A RESTful API is based on the HTTP protocol and is built around the concept of resources. The URL describes a resource or a collection (set) of resources. For example, "https://host-name/cars" describes a collection of cars. If you were to invoke an HTTP GET method against this URL, you might expect to receive a collection of cars in a JSON array. Each car in the array represents an item in the collection. A URL of "https://host-name/cars/{vin}" would describe a specific car. If you were to invoke an HTTP GET method against this URL, you would expect to receive only one instance (or perhaps the empty set if the vin is not valid). Sometimes a collection is so large that it is difficult to use. It is possible to filter a collection with the query string portion of the HTTP protocol. For example, "https://host-name/cars?color=red&make=Ford" would return a JSON array that only contains red Fords.

The University API makes extensive use of the HTTP protocol. This includes HTTP methods, HTTP return codes, and HTTP headers.

For a better understanding of HTTP methods, you may wish to refer to this guide provided by W3 Schools. (Note: Pay special attention to idempotent methods. The goal of the University API is for all methods to be idempotent.)

The following table describes how the University API utilizes HTTP methods.





Returns the set of http_methods allowed for the URL that addresses a collection.

According to HTTP protocol the answer is returned in an HTTP header with a key name of "Allow". For example, if a URL allows the GET and POST methods the HTTP header would contain "Allow: GET,POST,OPTIONS". The University API also returns a JSON array in the body that answers the question.
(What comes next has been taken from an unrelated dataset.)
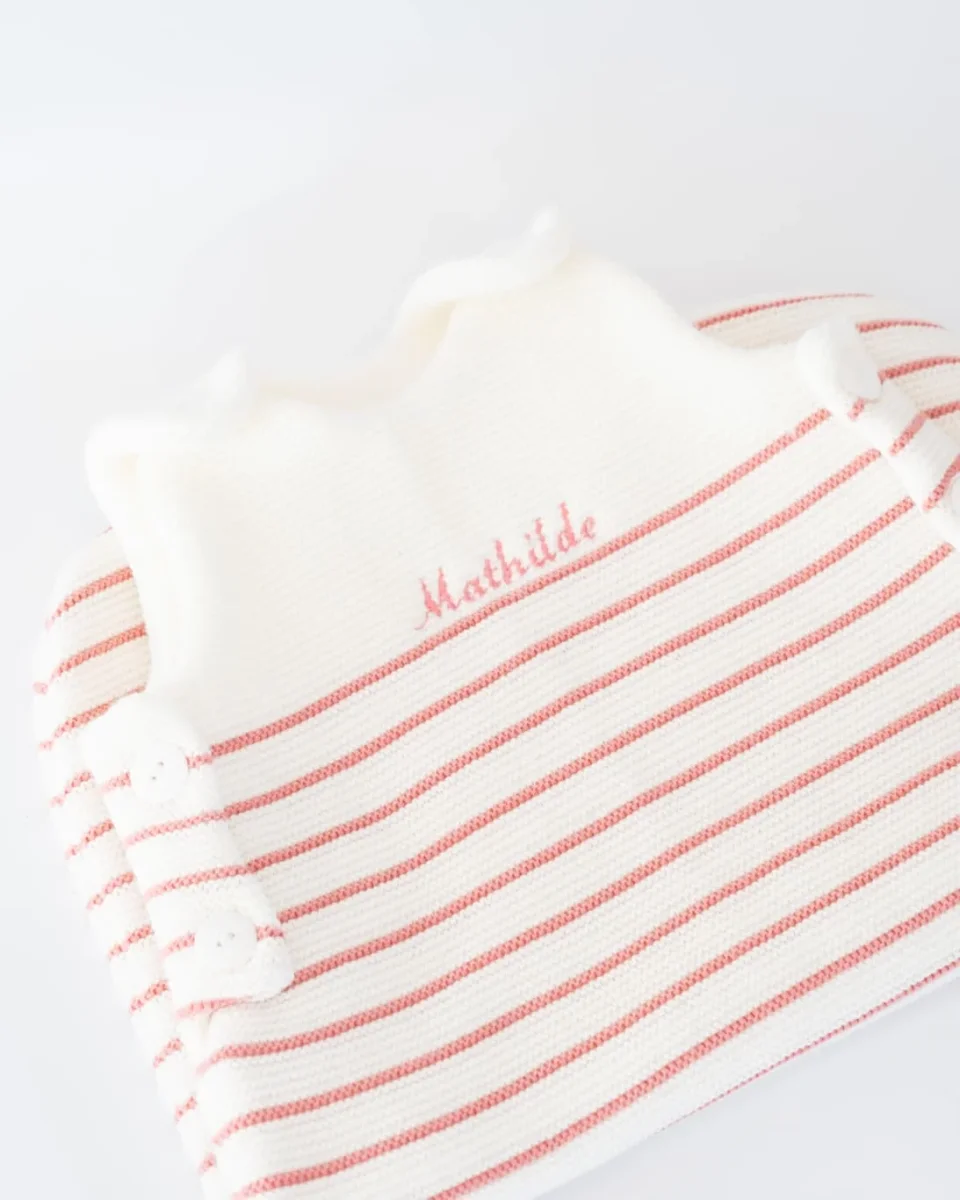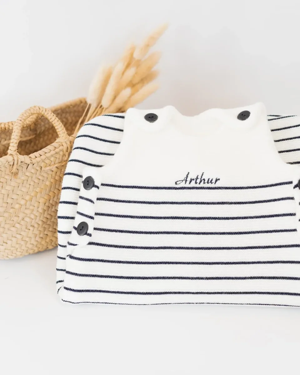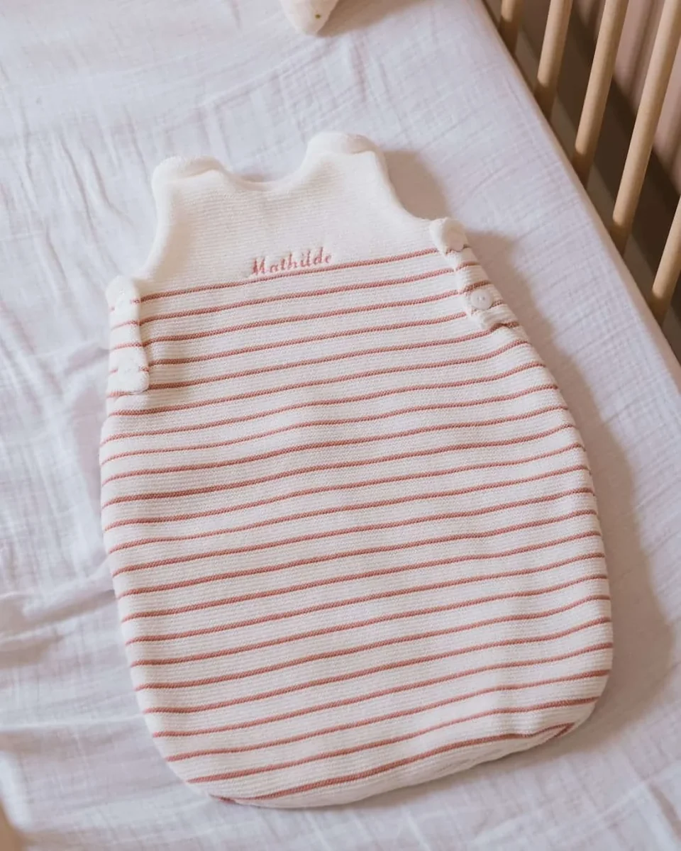 Faîtes broder un prénom ou un petit mot doux sur ce joli gigoteuse tricotée en France. Cette gigoteuse personnalisable avec broderie est le cadeau idéal pour une naissance.

The JSON would look like this:

    "supported_methods": [


Returns a collection in a JSON array in the body of the response.

Sometimes, a combination of query string filters or URL segments may return only one (or even zero) items. That's OK. Even the empty set is a valid set. In the University API, we have elected to always return a JSON array structure even when there is only one or zero items returned. This allows the developer to code for a predictable JSON data structure. We don't change the contract of the return body based on the number of items selected.


Creates a new instance of a resource.

In most instances, the body will contain a single item to be added, but the request body may contain a JSON array structure of resource(s) to be created (added). The return body is the item that was added or a JSON array structure that contains information about each resource for which an add attempt was made.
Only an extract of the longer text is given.